Shenzhen: Pusat Inovasi yang Menginspirasi

will.i.am juga menyoroti perubahan besar dalam dunia teknologi yang ia saksikan selama satu dekade terakhir, terutama peran Shenzhen, Tiongkok, sebagai pusat manufaktur dan prototipe cepat. “This place is… Wow. This place is amazing, bro. Like, the things that can be made now. I get goosebumps just thinking about it, how awesome Shenzhen is,” katanya penuh kekaguman.

Ia berharap setiap negara memiliki pusat inovasi serupa. “I wish London had a Shenzhen. I wish France had a Shenzhen. Every country’s creative hub needs a Shenzhen,” ujarnya. will.i.am bahkan telah mendirikan lab 3D printing sendiri di Los Angeles untuk memungkinkan prototipe cepat. “The Kinko’s for consumer electronics doesn’t exist, my dude,” keluhnya, merujuk pada kebutuhan akan fasilitas yang memungkinkan kreator mewujudkan ide-ide perangkat keras dengan cepat.

Musik AI: Pembebas, Bukan Ancaman

Mengenai musik yang dihasilkan oleh kecerdasan buatan (AI), will.i.am memiliki pandangan yang positif. Ia tidak melihatnya sebagai ancaman, setidaknya untuk saat ini. “AI-generated music is awesome. Really awesome,” katanya.

Ia membedakan antara musik yang dihasilkan AI dengan campur tangan manusia dan musik yang sepenuhnya otonom. “Somebody’s still generating it. So I’m not worried about that. When the machine’s just fucking doing it on its own? Talk to me when we get there,” tegasnya. Bagi will.i.am, musik AI adalah alat yang memberdayakan.

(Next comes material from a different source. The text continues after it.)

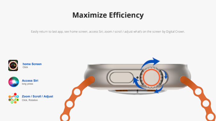 Επιστρέψτε εύκολα στην τελευταία εφαρμογή, δείτε την αρχική οθόνη, αποκτήστε πρόσβαση στο Siri, κάντε ζουμ, κύλιση και προσαρμόστε ό,τι εμφανίζεται στην οθόνη με το Digital Crown. Παρακολουθήστε τα καθημερινά δεδομένα της φυσικής σας κατάστασης καθώς ασκείστε, στο περπάτημα, τρέξιμο, ποδηλασία, μπάσκετ, γιόγκα, πεζοπορία και πολλά άλλα!

I think it’s a liberator for folks that always wanted to make music that didn’t know a skill, couldn’t sing, couldn’t play an instrument – but now their ideas can materialize,” jelasnya, melihat potensi AI untuk membuka pintu kreativitas bagi banyak orang.

TikTok: Ancaman Nyata bagi Industri Musik

Namun, will.i.am justru melihat ancaman yang lebih besar bagi industri musik datang dari platform media sosial seperti TikTok. “But then at the same time, has TikTok ruined music as far as our attention span, and in the quality of music chasing its algorithms… that’s the one,” kritiknya. Ia khawatir TikTok telah merusak rentang perhatian pendengar dan mendorong musisi untuk menciptakan lagu yang hanya mengejar algoritma, mengorbankan kualitas artistik.

Kolaborasi will.i.am dengan LG dan pandangannya yang tajam tentang teknologi dan musik menunjukkan posisinya yang unik di persimpangan kedua dunia tersebut, terus mendorong batas-batas inovasi dan kreativitas.